• _The records_:
..........
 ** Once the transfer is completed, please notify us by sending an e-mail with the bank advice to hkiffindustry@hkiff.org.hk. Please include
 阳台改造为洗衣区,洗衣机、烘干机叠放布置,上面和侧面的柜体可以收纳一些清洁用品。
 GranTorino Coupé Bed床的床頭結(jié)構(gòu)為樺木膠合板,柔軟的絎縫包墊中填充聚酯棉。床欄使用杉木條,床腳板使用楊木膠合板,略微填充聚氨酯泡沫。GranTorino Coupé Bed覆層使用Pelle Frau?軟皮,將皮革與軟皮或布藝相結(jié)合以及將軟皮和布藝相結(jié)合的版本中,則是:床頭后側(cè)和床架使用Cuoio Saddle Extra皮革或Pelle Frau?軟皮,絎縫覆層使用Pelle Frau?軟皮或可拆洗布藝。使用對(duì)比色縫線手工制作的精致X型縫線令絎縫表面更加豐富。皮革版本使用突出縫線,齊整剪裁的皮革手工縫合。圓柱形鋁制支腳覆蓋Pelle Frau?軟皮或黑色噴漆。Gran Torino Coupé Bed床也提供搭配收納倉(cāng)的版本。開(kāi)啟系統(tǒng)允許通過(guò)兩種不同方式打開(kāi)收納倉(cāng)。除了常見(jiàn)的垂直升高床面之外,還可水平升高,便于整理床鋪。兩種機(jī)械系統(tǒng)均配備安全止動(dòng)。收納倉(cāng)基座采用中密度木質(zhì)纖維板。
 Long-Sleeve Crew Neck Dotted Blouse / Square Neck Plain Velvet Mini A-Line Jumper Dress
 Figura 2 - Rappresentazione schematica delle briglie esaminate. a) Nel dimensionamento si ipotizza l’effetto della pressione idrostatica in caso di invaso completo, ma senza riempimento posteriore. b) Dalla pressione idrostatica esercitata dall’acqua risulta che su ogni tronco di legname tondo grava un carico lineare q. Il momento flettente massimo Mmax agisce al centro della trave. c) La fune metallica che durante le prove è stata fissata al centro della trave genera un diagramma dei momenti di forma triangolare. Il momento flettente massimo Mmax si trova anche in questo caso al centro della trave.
..........
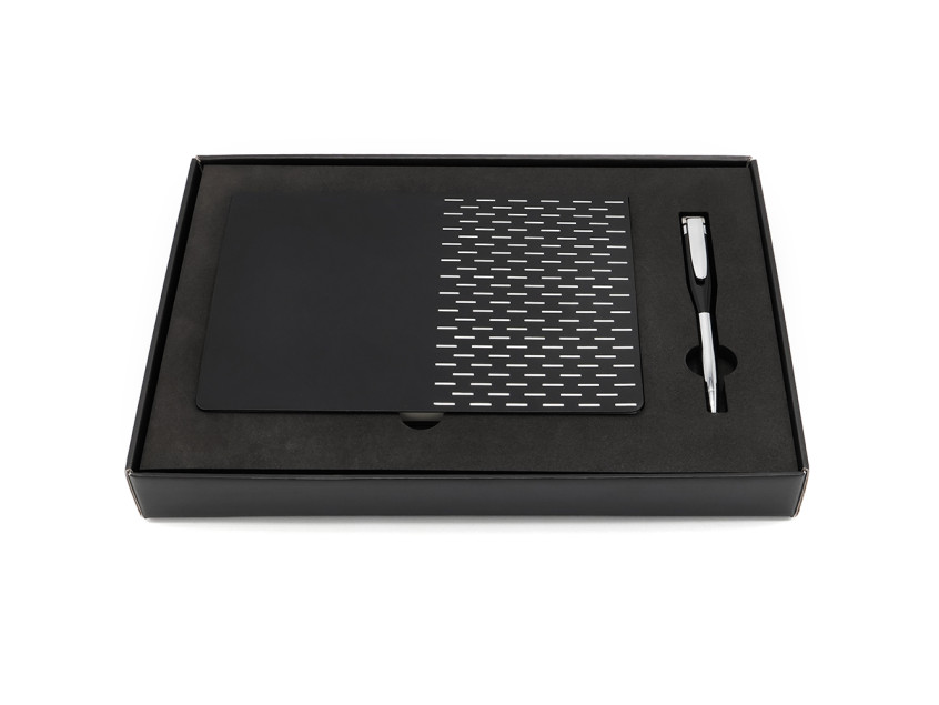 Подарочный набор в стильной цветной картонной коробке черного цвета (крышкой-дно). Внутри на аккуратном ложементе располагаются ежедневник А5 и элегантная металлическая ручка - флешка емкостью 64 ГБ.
..........
• _Exercise description_: Everything above from the line containing "hkiffindustry@hkiff.org.hk. Please include" down to the line containing "Figura 2 - Rappresentazione" should be copied exactly, both end lines included, and nothing else.

• _Reply_:
 ** Once the transfer is completed, please notify us by sending an e-mail with the bank advice to hkiffindustry@hkiff.org.hk. Please include
 阳台改造为洗衣区,洗衣机、烘干机叠放布置,上面和侧面的柜体可以收纳一些清洁用品。
 GranTorino Coupé Bed床的床頭結(jié)構(gòu)為樺木膠合板,柔軟的絎縫包墊中填充聚酯棉。床欄使用杉木條,床腳板使用楊木膠合板,略微填充聚氨酯泡沫。GranTorino Coupé Bed覆層使用Pelle Frau?軟皮,將皮革與軟皮或布藝相結(jié)合以及將軟皮和布藝相結(jié)合的版本中,則是:床頭后側(cè)和床架使用Cuoio Saddle Extra皮革或Pelle Frau?軟皮,絎縫覆層使用Pelle Frau?軟皮或可拆洗布藝。使用對(duì)比色縫線手工制作的精致X型縫線令絎縫表面更加豐富。皮革版本使用突出縫線,齊整剪裁的皮革手工縫合。圓柱形鋁制支腳覆蓋Pelle Frau?軟皮或黑色噴漆。Gran Torino Coupé Bed床也提供搭配收納倉(cāng)的版本。開(kāi)啟系統(tǒng)允許通過(guò)兩種不同方式打開(kāi)收納倉(cāng)。除了常見(jiàn)的垂直升高床面之外,還可水平升高,便于整理床鋪。兩種機(jī)械系統(tǒng)均配備安全止動(dòng)。收納倉(cāng)基座采用中密度木質(zhì)纖維板。
 Long-Sleeve Crew Neck Dotted Blouse / Square Neck Plain Velvet Mini A-Line Jumper Dress
 Figura 2 - Rappresentazione schematica delle briglie esaminate. a) Nel dimensionamento si ipotizza l’effetto della pressione idrostatica in caso di invaso completo, ma senza riempimento posteriore. b) Dalla pressione idrostatica esercitata dall’acqua risulta che su ogni tronco di legname tondo grava un carico lineare q. Il momento flettente massimo Mmax agisce al centro della trave. c) La fune metallica che durante le prove è stata fissata al centro della trave genera un diagramma dei momenti di forma triangolare. Il momento flettente massimo Mmax si trova anche in questo caso al centro della trave.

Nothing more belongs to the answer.